= Exercise goal =
Where the line containing "对每一个key进行hash运" appears, end the copy there, keeping that line; start from the first line of the entries, copy exactly, and omit pictures.

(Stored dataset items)
[Start of section]
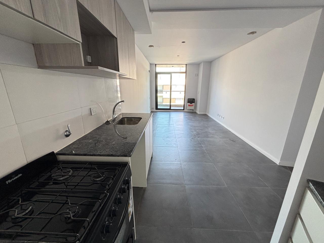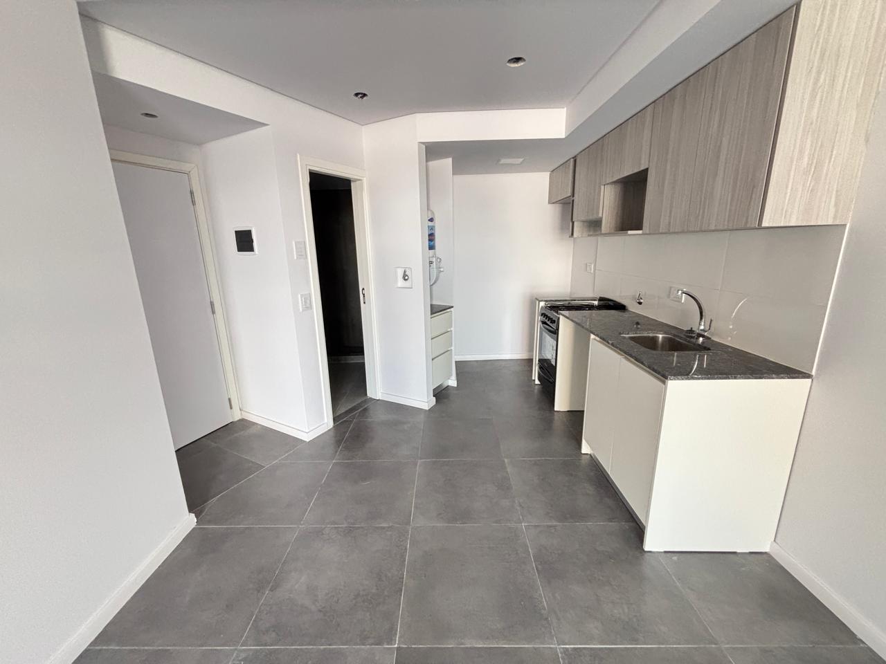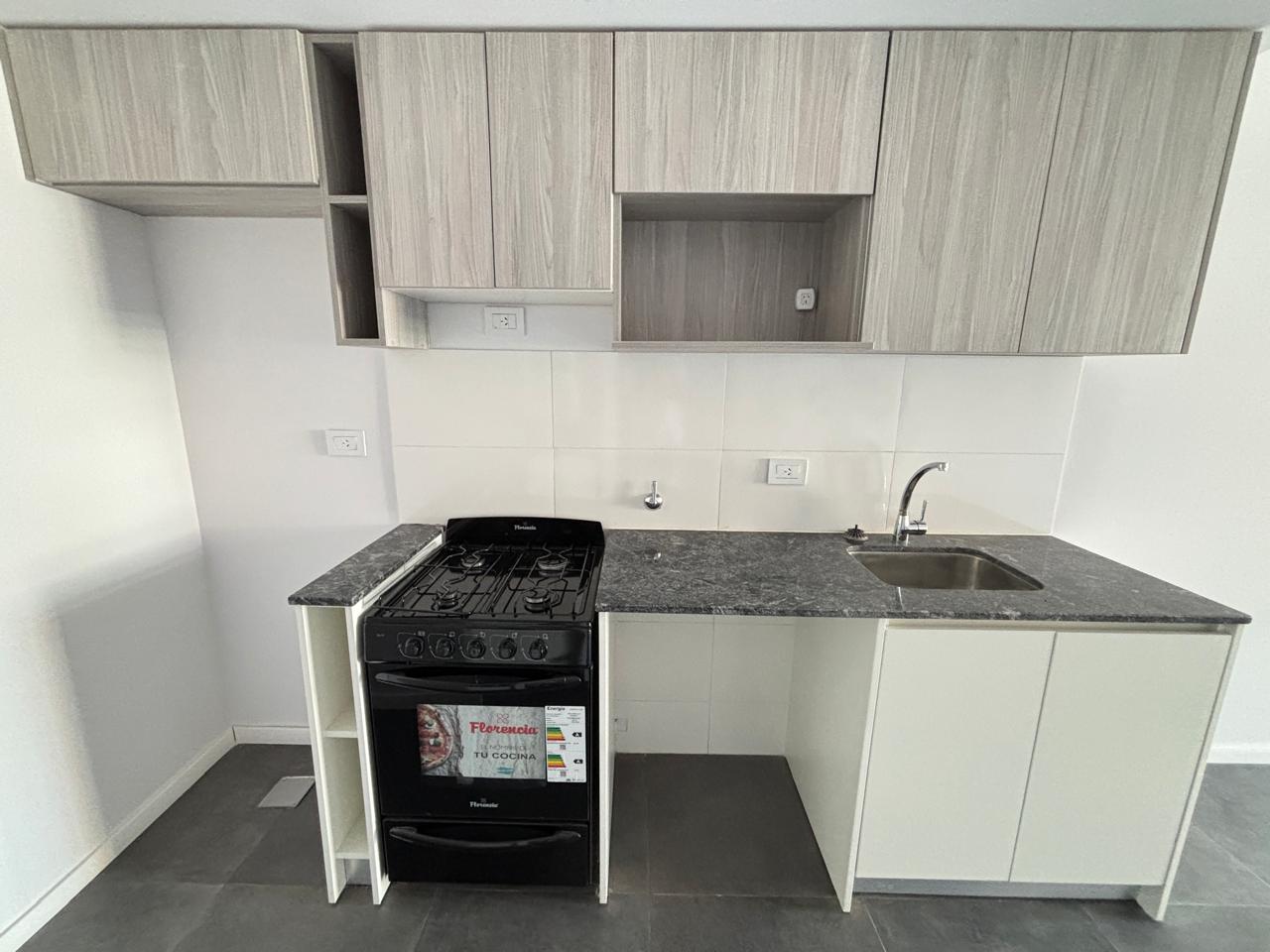 Departamentos de un ambiente con cocina integrada (con buen espacio de guardado tanto en alacenas como bajo mesadas) y baño con habitáculo.
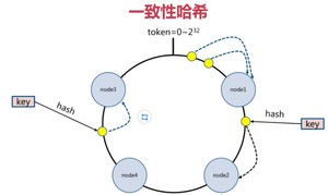 对每一个key进行hash运算,被哈希后的结果在哪个token的范围内,则按顺时针去找最近的节点,这个key将会被保存在这个节点上。
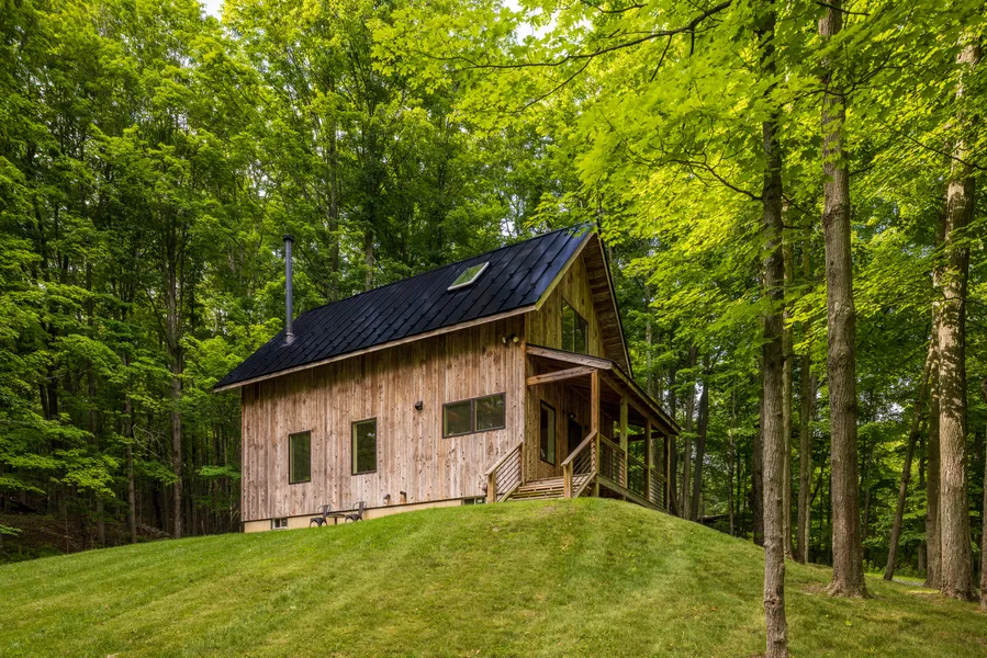 Perched on a hill at the end of a dead end road, this custom built modern cabin was rebuilt from the ground up in 2016 with every detail considered. Designed as an open, meditative space, the natural materials combined with the expansive windows on all sides, create an interior experience to feel a part of the surrounding woods outside. The open plan eat-in kitchen features an Eastern White Pine custom open kitchen cabinet frame with farmhouse sink, professional grade faucet, a slate countertop sourced from 1950s Columbia County school science lab, a Smeg oven and range and Smeg refrigerator. The living room is framed by a massive bank of windows looking into the forest. The Jotel wood burning stove is set on an Appalachian bluestone hearth, and a Haiku fan sits atop the cathedral ceiling. The full bathroom with sliding barn door, includes a clawfoot bathtub with rainshower. Ascend via the custom white oak staircase to the open, airy loft bedroom with a Velux manual venting skylight. Downstairs is the basement is currently being used as an additional bedroom on one side with the other for mechanicals, laundry and storage. Radiant heat throughout. On-demand Bosch combo boiler provides two zones of heat and domestic hot water for the home. Seven Buderus radiators with thermostatic heads to make each room a zone if desired. Nest thermostat for the main zone. Digital thermostat for basement zone. Face nailed premium white oak flooring, reclaimed antique heart pine joists, Marvin windows, and Schoolhouse electric fixtures are used throughout the house. The property includes 2 acres with a woodland trail and a small reflecting pond frequented by local wildlife. 1hr 45 min from GWB
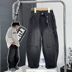 魔西童装2025秋季男童黑超中大童牛仔裤宽松直筒型休闲长裤男孩
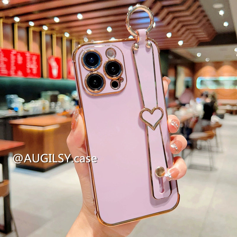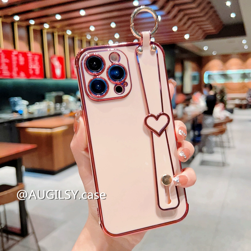 Luxury airbag love wristband Apple 13 mobile phone case suitable for iphone14pro protective cover 12 silicone Xsmax high-end 11 all-inclusive 15plus bracket for women Xr high-end 8X pink
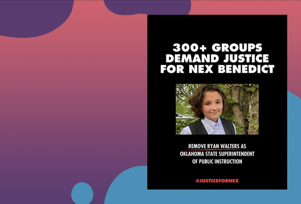 “Superintendent Walters appears to have no interest in the safety and future of Oklahoma’s students as he has dangerously and recklessly prioritized escalating attacks against LGBTQ, indigenous, and vulnerable youth, promoting lies, spreading disinformation, and pushing broad scale discriminatory policies that do nothing to improve education. He has policed LGBTQ and affirming educators and pushed forward draconian rhetoric and policies to erase the culture and history of entire communities of Oklahomans. He is on the record using taxpayer funds to fuel his extremist agenda, in alignment with national anti-LGBTQ groups like Moms for Liberty and extremists on social media. Removing Walters would be one measure of justice for Nex Benedict and every other young Oklahoman, and a small step toward ensuring a new era in Oklahoma schools where every young person should be safe, protected and belong.”
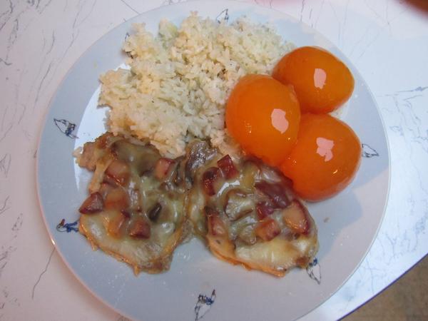 u nas fazulova polievka s mrkvou a udenym tofu a ryzovy nakyp s marhulami a ribezlami 🙂
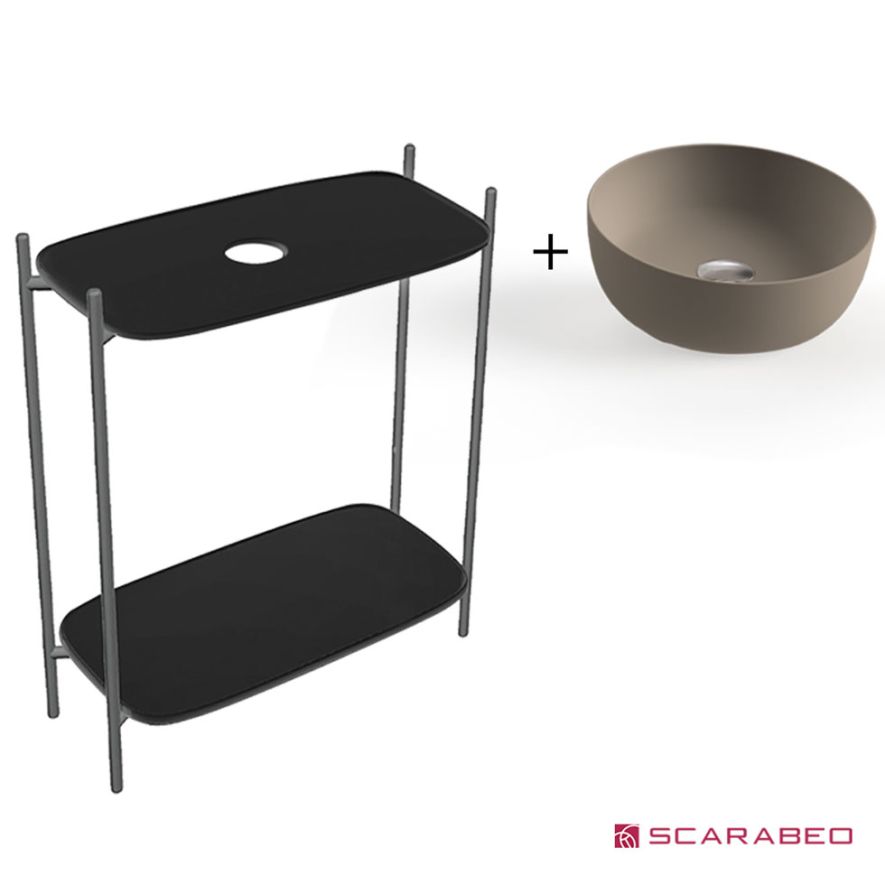 ΕΠΙΠΛΟ ΜΠΑΝΙΟΥ ΠΑΓΚΟΣ ΜΕ ΡΑΦΙ DIVA 75 27031510-NROP4949 BLACK MATT ΧΩΡΙΣ ΟΠΗ & ΝΙΠΤΗΡΑΣ ΕΠΙΤΡΑΠΕΖΙΟΣ SCARABEO GLAM 1808-510 Sand 74x43xh77,5cm
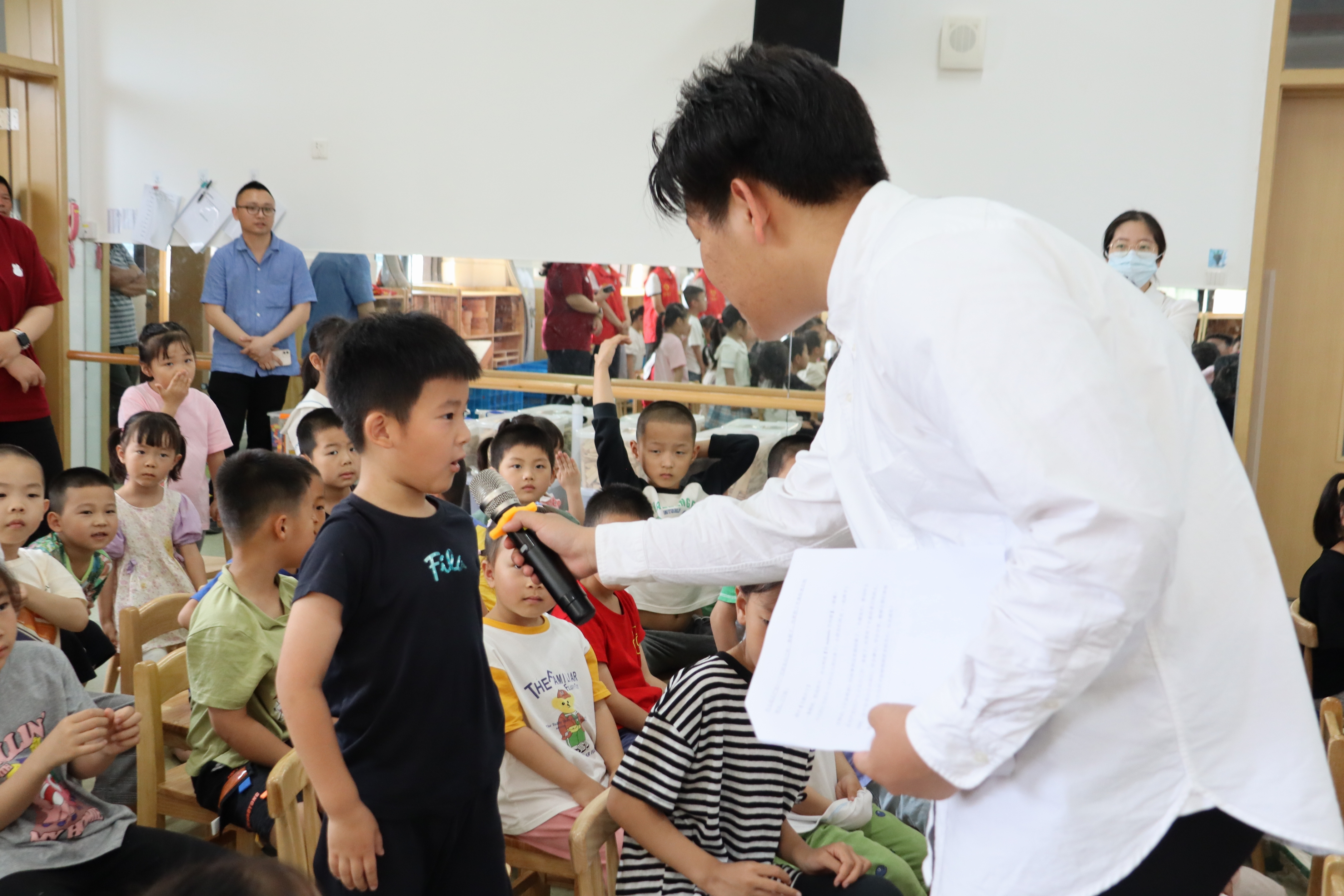 现场,宣讲队队员与小朋友在歌词互动环节中认识和了解红色人物、红色故事,小朋友们积极参与,在游戏中体验快乐,培养爱国情感。
[End of section]
= Solution for this problem =
 Departamentos de un ambiente con cocina integrada (con buen espacio de guardado tanto en alacenas como bajo mesadas) y baño con habitáculo.
 对每一个key进行hash运算,被哈希后的结果在哪个token的范围内,则按顺时针去找最近的节点,这个key将会被保存在这个节点上。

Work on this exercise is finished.